By remembering it’s not about her, Judge Lewis is able to stay grounded. She says her parents, both lifelong educators and enthusiastic advocates for their daughter’s career, taught her a lot of what she uses now to keep herself humble. Faith, family and a focus on what is fair and just are a few of the lessons she took from her parents.
She cites her uncle, Jason Parker, a prosecutor in CatawbaCounty, as an influencing factor in her decision to go to law school.
“His stories of ‘putting the bad guy away’ coupled with my father’s opposition to my moving to New York, weighed very heavy in my decision to go to law school,” she says. “I wanted to get my MBA and take Wall Street by storm, and when the Bull Market was running I told my dad that I could have been a gazillionaire if I had gone to New York.
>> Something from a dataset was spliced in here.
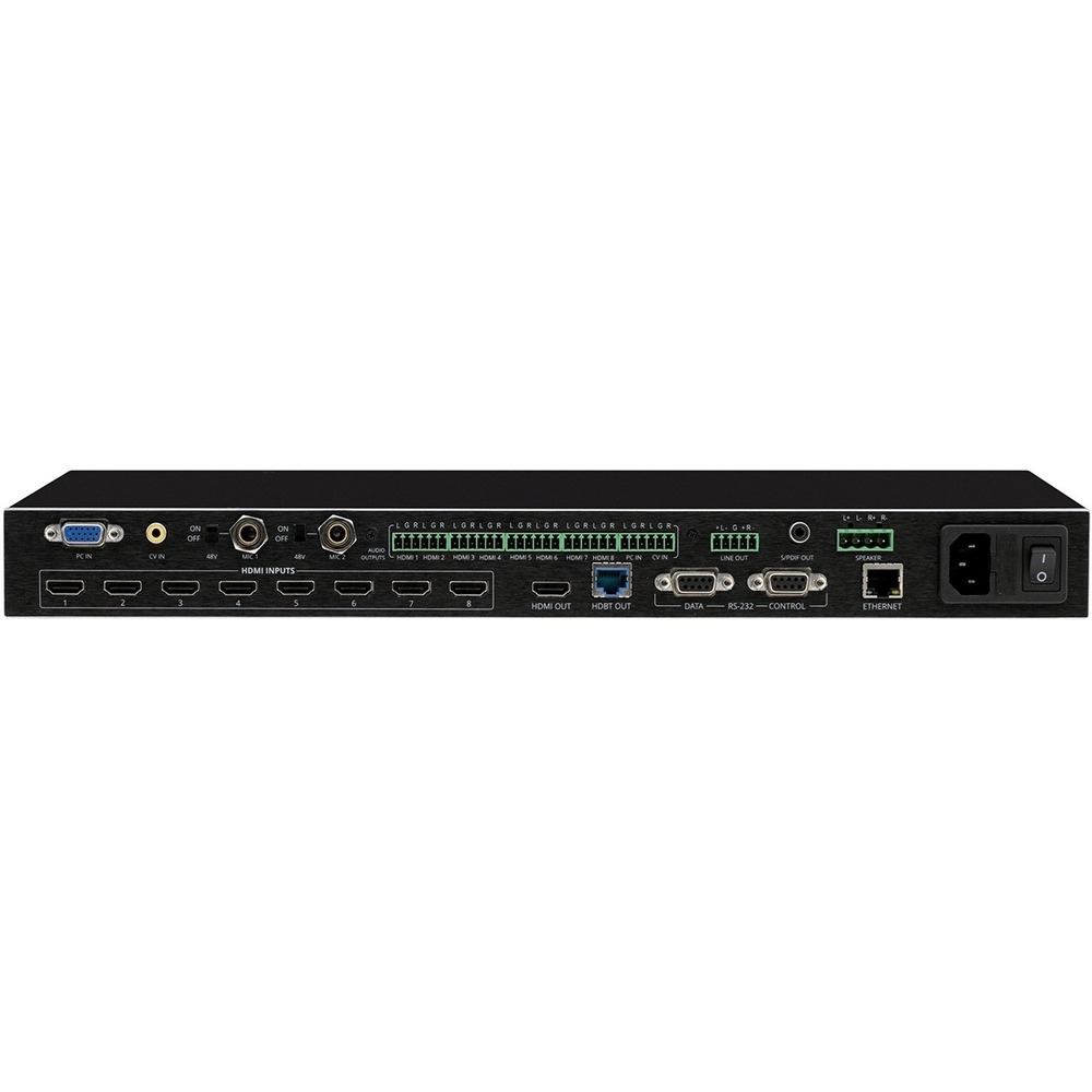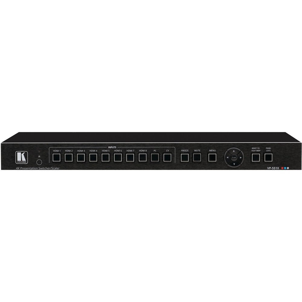 VP-551X – коммутатор, масштабатор сигналов 8хHDMI с HDCP 2.2, VGA, CV в сигналы HDMI и HDBaseT, поддерживаемые разрешения видео до 4K/60 (4:4:4) на входах и выходах. Каждый вход сопряжен со входом аудио, также имеются два дополнительных микрофонных входа с фантомным питанием. Встроенный усилитель мощности 2х20 Вт / 4 Ом. Управление устройством осуществляется по RS-232, ИК и IP (web-интерфейс).

With the way things are now, though, I’m glad I’m here helping my community.”
Judge Lewis does help the community, and not just from the bench. She does a lot of public speaking to school and civic groups (and admits to being “a bit of a ham”). As a member of the Southport/Oak Island Kiwanis Club, she is involved with their community outreach and service activities. In her position as Trustee with Communities in Schools, she is able to help impact thousands of students a year (she has four interns in her office, all from area high schools). Her activities with the North Carolina Bar Association BarCARES group helps provide cost-free assistance and solution-oriented counseling to those in need (more information at www.ncbar.org/about/barCARES). As a Board Member of the Boys and Girls Home, she helps children in need. And as a Board Member of the North Carolina Coastal Land Trust, she helps preserve and protect one of our greatest resources here in southeastern North Carolina — our shoreline, forests and marshes.
While not a self-described outdoorswoman, Judge Lewis said her father instilled a love and respect for the outdoors in her, prompting her to work with the Coastal Land Trust. She said her husband wants to go kayaking in the spring and, even though they’ve never kayaked, that it certainly would be a great way to gain a new appreciation for Brunswick County. Maybe spring will find the Lewises in a kayak on Bald Head creek, watching for dolphins and osprey. Maybe they can fit it in between the court schedule, the board meetings and service work and the long road of preparation for her 2010 re-election campaign (with a laugh she says, “Even though it’s early, ‘In 2010 we’ll do it again’ has become a sort of unofficial slogan around the house already.”).
She’s the woman to do it. She could administer justice fairly, kayak with her husband, begin planning a re-election campaign and stay committed to her community. She’s a trailblazer, but not one you’d call reckless. Judge Lewis is a forward-thinking, problem-solving, fair-handed, community-minded woman, and we’re lucky to have her dispensing justice on our behalf here in Brunswick County. Sorry Wall Street, we need her here.